● Activity
Output the lines of the listing below exactly, starting at the line containing "ヘコむあだ名 | 『牛乳』『うっお』『うっに(遠い目)』 |" and stopping after the last line, with any pictures dropped.

● Data extract
# # # # #
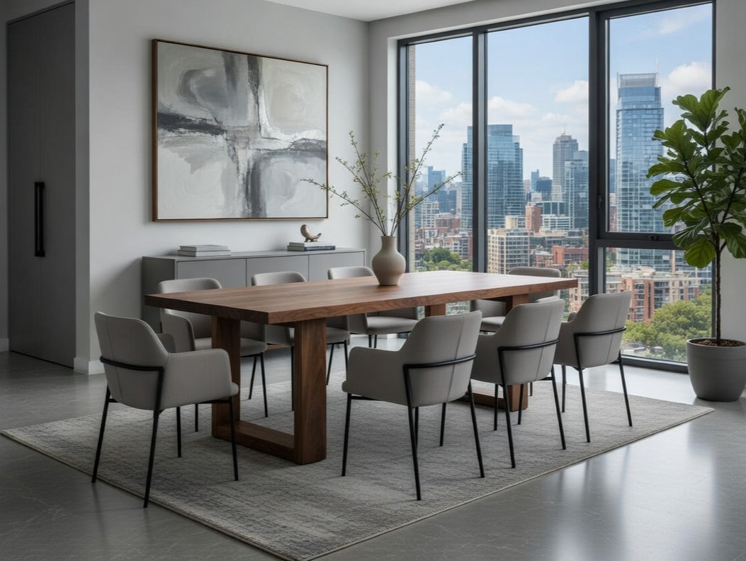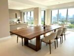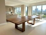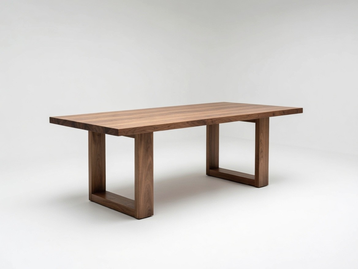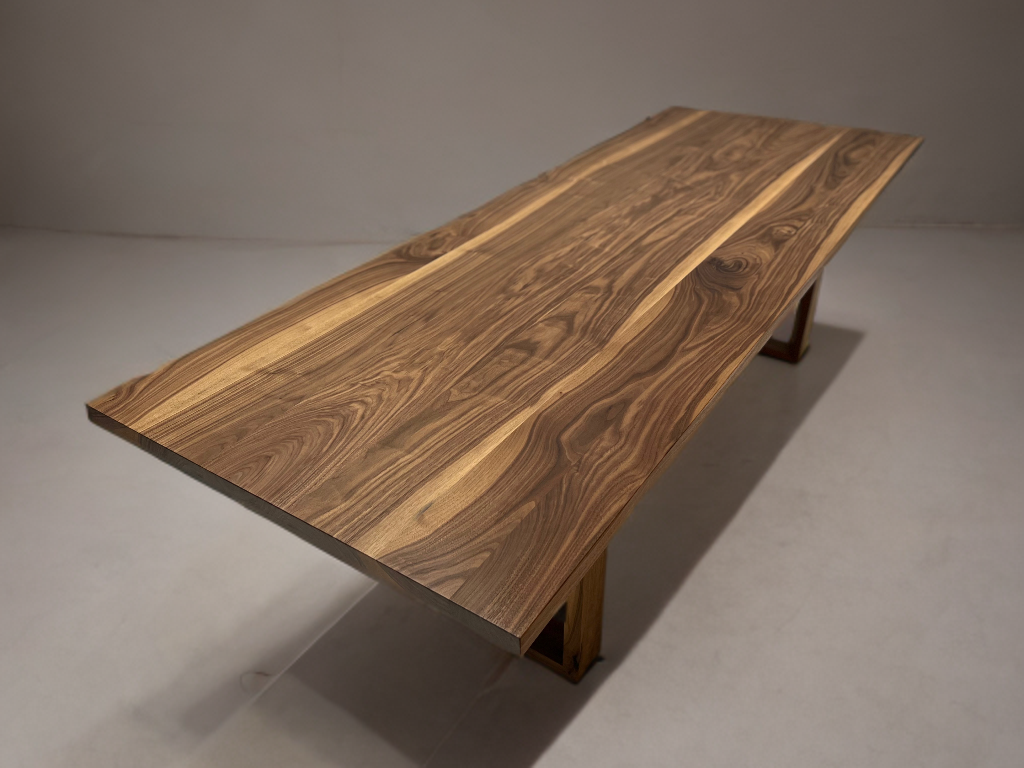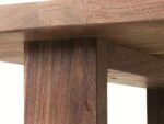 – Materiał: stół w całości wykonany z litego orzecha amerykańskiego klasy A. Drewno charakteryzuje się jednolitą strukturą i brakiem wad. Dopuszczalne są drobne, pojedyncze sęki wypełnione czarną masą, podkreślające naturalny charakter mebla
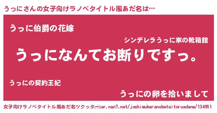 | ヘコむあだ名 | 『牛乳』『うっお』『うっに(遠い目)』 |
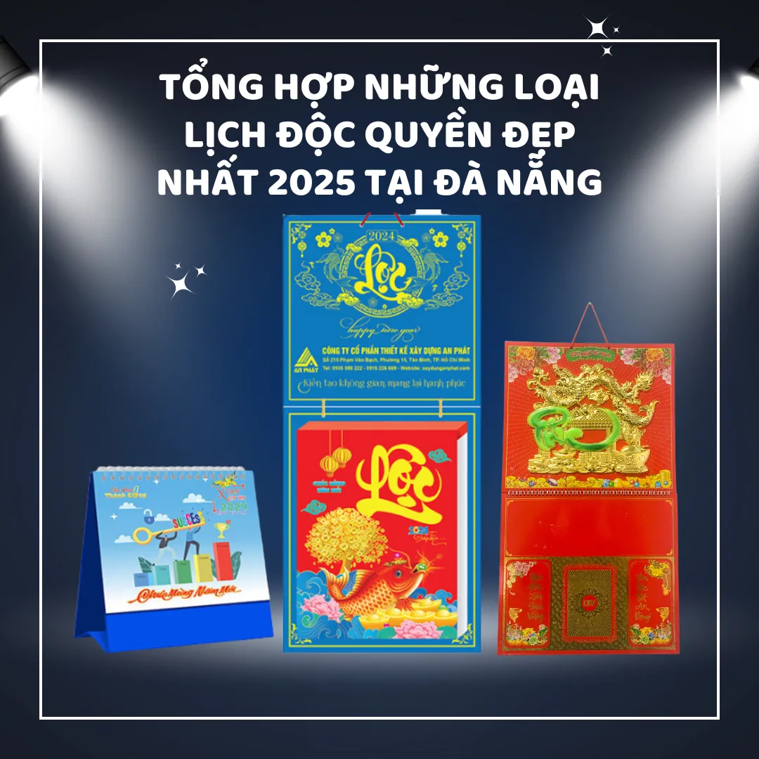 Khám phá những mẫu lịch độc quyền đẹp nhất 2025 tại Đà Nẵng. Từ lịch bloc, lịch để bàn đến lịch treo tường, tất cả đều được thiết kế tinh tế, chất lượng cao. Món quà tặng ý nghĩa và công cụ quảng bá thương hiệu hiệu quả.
# # # # #
● Answer for the task
 | ヘコむあだ名 | 『牛乳』『うっお』『うっに(遠い目)』 |
 Khám phá những mẫu lịch độc quyền đẹp nhất 2025 tại Đà Nẵng. Từ lịch bloc, lịch để bàn đến lịch treo tường, tất cả đều được thiết kế tinh tế, chất lượng cao. Món quà tặng ý nghĩa và công cụ quảng bá thương hiệu hiệu quả.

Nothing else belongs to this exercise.